Monastery information
- Other name: Basilica of Saint Peter Apostle
- Denomination: Roman Catholic
- Dedication: Roberto il Guiscardo

Architecture
- Status: National Monument
- Style: Baroque & Norman
- Completion date: 1156

Site
- Location: Piazzale Francescano Maria Immacolata, 84025 Eboli (SA), Campania, Italy
- Country: Italy
- Coordinates: 40°37′23″N 15°03′12″E﻿ / ﻿40.62306°N 15.05333°E
- Visible remains: Church, Convent, Crypt, Library
- Public access: Available
- Website: https://comune.eboli.sa.it/contenuti/89697/badia-san-pietro-alli-marmi

= San Pietro Alli Marmi =

Basilica in Eboli, Italy

The Basilica of St. Peter Alli Marmi (Italian: Badia di San Pietro Alli Marmi) is a Basilica comprising a church and a monastery. It is located in Eboli, 33 kilometers away from the city of Salerno, in Italy.

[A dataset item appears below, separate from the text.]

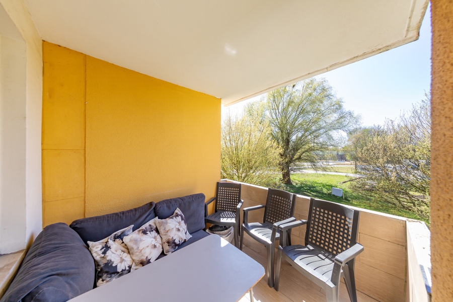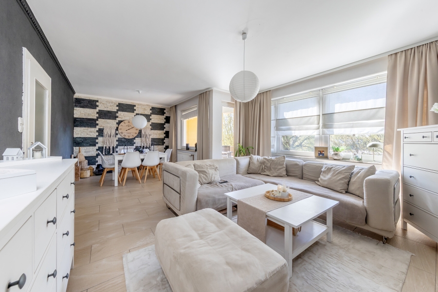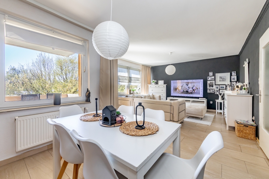 Das helle Wohnzimmer mit direktem Zugang zum Balkon bildet den Mittelpunkt der Wohnung und lädt zum Entspannen ein. Die gepflegte Küche bietet ausreichend Platz zum Kochen und Verweilen.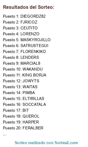Lista de participantes: VALENCIA - FLORENKIKO, CHELSEA - LENDERS, JUVENTUS - SATRUSTEGUI, BARCELONA - SHEIFOR, ARSENAL - HAPPYORDONEZ, MALAGA - FERALBER, CADIZ - JOWYTS, VILLARREAL - WAKANDU, MANCHESTER U. - DIEGORDZ82, AJAX - FJRICOZ, FLAMENGO - SOCCATALA, CELTIC - BIT, BAYERN - SR OSQUITAR, OSASUNA - MASKYROJILLO, GALATASARAY - ANGEL MORENO, MANCHESTER C. - PIMBA, ASTON VILLA - GUANCHU, PSG - CEUTITO, GRANADA - LMGR1989, R. SOCIEDAD - ELTIRILLAS, INTER DE MILAN - SIMARRO, AT. MADRID - HARPER, MADRID - D5P5R5, SEVILLA - NYZANES.

Originally known as the Basilica of Saint Peter Apostle, it was built at the bottom of the hill of Montedoro, where the old medieval site of the city was situated. It is one of the distinctive landmarks of the region and an important tourist destination. Its construction displays the strong influence of Norman and Baroque architecture. The church contains the remains of Saint Berniero. Attached to the church is the convent of the Capuchin friars, originally inhabited by the Benedictines. The Basilica has a characteristic cloister that incorporates an African Museum (administrated by missionary friars) and the Library of the Capuchins, which has a collection of over 15,000 volumes.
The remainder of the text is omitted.